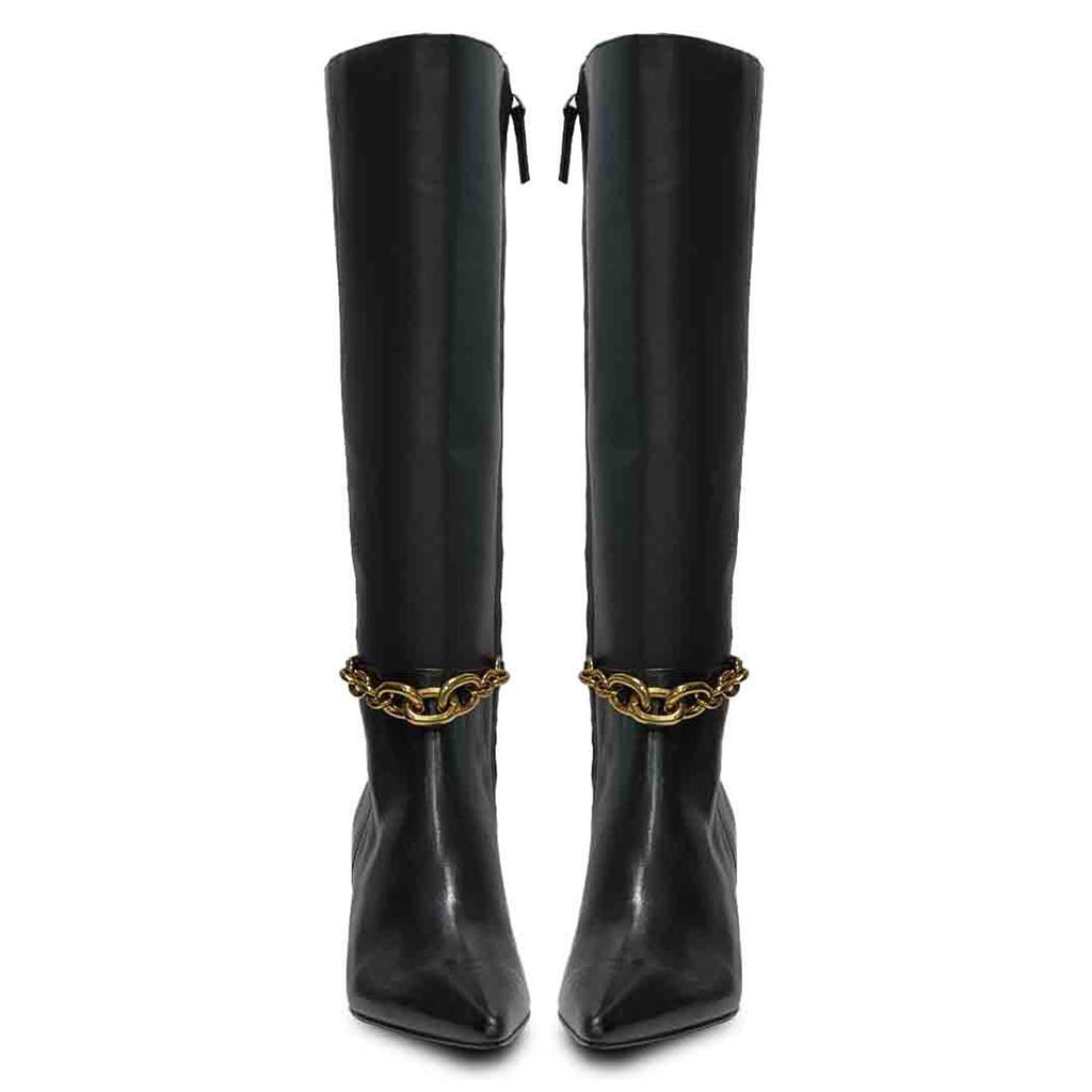 Saint Freya Chain Embellished Black Leather Long Boots
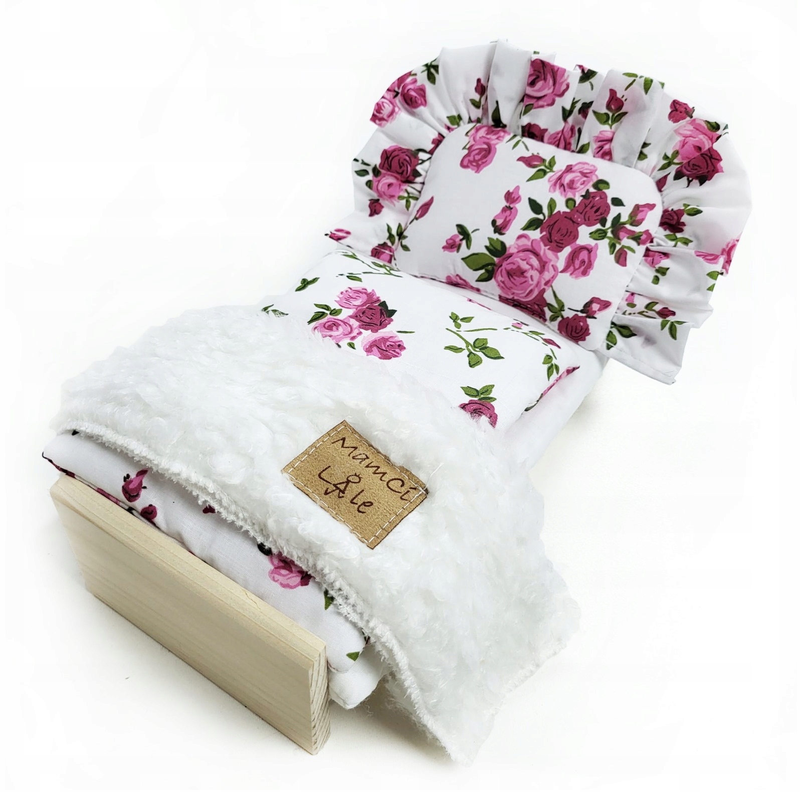 ŁÓŻKO ŁÓŻECZKO DREWNIANE DLA LALKI LALEK Z POŚCIELKĄ
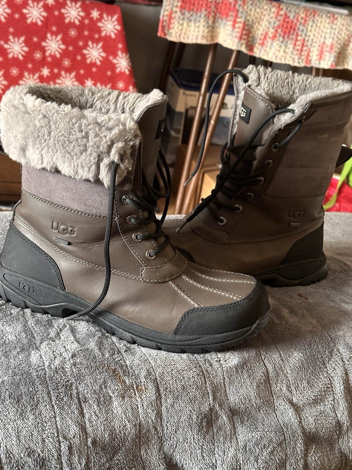 Stay warm and dry this winter season with these UGG Men's Butte Waterproof Boots. These boots feature a lace-up closure, waterproof leather upper material, and a standard shoe width. The solid black and grey color scheme is perfect for any outfit, and the snow boot style is great for tackling wintry conditions. These boots are designed for men and come in a UK shoe size 9 and US shoe size 10. The waterproof feature ensures that your feet stay dry, and the standard shoe width provides a comfortable fit. Perfect for any winter activity, these UGG boots are a must-have for the season.

--------------------------------------------------

• GOAL OF THE EXERCISE:
Please print the data above once more, exactly as it appears, with no pictures.

• RESPONSE:
 Saint Freya Chain Embellished Black Leather Long Boots
 ŁÓŻKO ŁÓŻECZKO DREWNIANE DLA LALKI LALEK Z POŚCIELKĄ
 Stay warm and dry this winter season with these UGG Men's Butte Waterproof Boots. These boots feature a lace-up closure, waterproof leather upper material, and a standard shoe width. The solid black and grey color scheme is perfect for any outfit, and the snow boot style is great for tackling wintry conditions. These boots are designed for men and come in a UK shoe size 9 and US shoe size 10. The waterproof feature ensures that your feet stay dry, and the standard shoe width provides a comfortable fit. Perfect for any winter activity, these UGG boots are a must-have for the season.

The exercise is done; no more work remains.